The impact of Docker containers on the performance of genomic pipelines

Comparative Bioinformatics, Bioinformatics and Genomics Program, Centre for Genomic Regulation (CRG), Barcelona, Spain
Universitat Pompeu Fabra (UPF), Barcelona, Spain
Bioinformatics Research, National Marrow Donor Program, Minneapolis, Minnesota, United States
DOI
10.7287/peerj.preprints.1171v2
Subject Areas
Bioinformatics, Computational Biology, Genomics, Computational Science
Keywords
workflow, pipelines, docker, virtualisation, Bioinformatics
Copyright
© 2015 Di Tommaso et al.
Licence
This is an open access article distributed under the terms of the Creative Commons Attribution License, which permits unrestricted use, distribution, reproduction and adaptation in any medium and for any purpose provided that it is properly attributed.

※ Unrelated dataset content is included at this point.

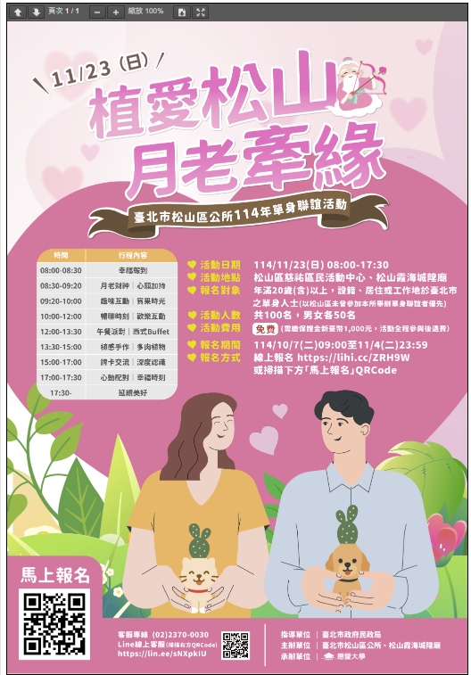 臺北市松山區公所『植愛松山 月老牽緣』單身聯誼活動,將於114年11月23日(星期日)08:00–17:30,於松山區慈祐區民活動中心、松山霞海城隍廟舉辦,自10月7日(星期二)09:00起受理線上報名至11月4日(星期二)23:59為止。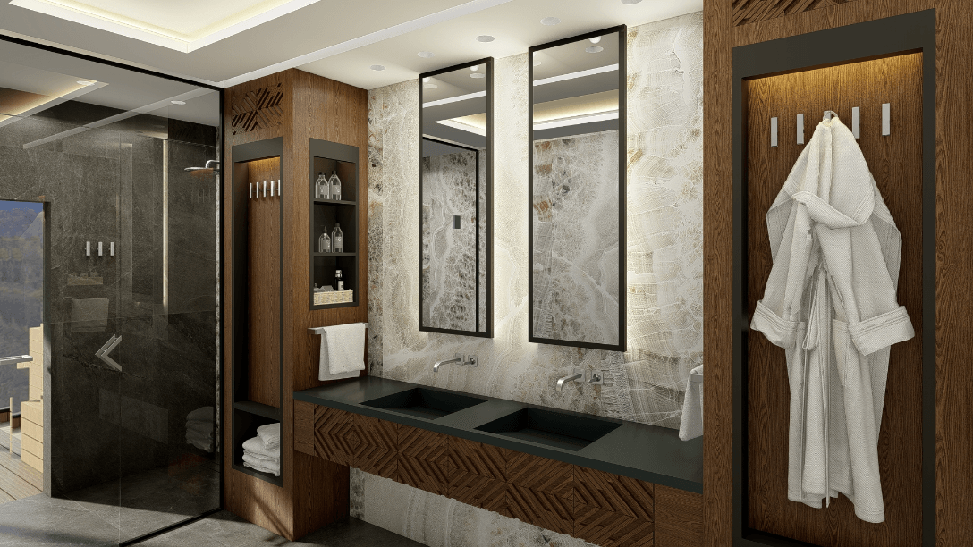 W większości apartamentów znajdują się: gabinet biznesowy (miejsce do pracy), strefa wypoczynku dziennego (salon TV), sypialnia, łazienka, jadalnia.

For attribution, the original author(s), title, publication source (PeerJ PrePrints) and either DOI or URL of the article must be cited.
Cite this article
Di Tommaso P, Palumbo E, Chatzou M, Prieto P, Heuer ML, Notredame C. 2015. The impact of Docker containers on the performance of genomic pipelines. PeerJ PrePrints 3:e1171v2

Abstract

Genomic pipelines consist of several pieces of third party software and, because their experimental nature, frequent changes and updates are commonly necessary thus raising serious distribution and reproducibility issues. Docker containers technology offers an ideal solution, as it allows the packaging of pipelines in an isolated and self-contained manner. This makes it easy to distribute and execute pipelines in a portable manner across a wide range of computing platforms. Thus the question that arises is to what extent the use of Docker containers might affect the performance of these pipelines. Here we address this question and conclude that Docker containers have only a minor impact on the performance of common genomic pipelines, which is negligible when the executed jobs are long in terms of computational time.

Author Comment

In this work we present the results of a benchmark we ran on genomic pipelines by using Docker containers technology in order to assess the impact of container virtualization on the performance of bioinformatics tools and data analysis workflow. In the second version of this preprint a minor error in table 1 was fixed (the slow down value for the first experiment is 0.999 instead of 1.001). This work will be submitted to PeerJ for review in the near future.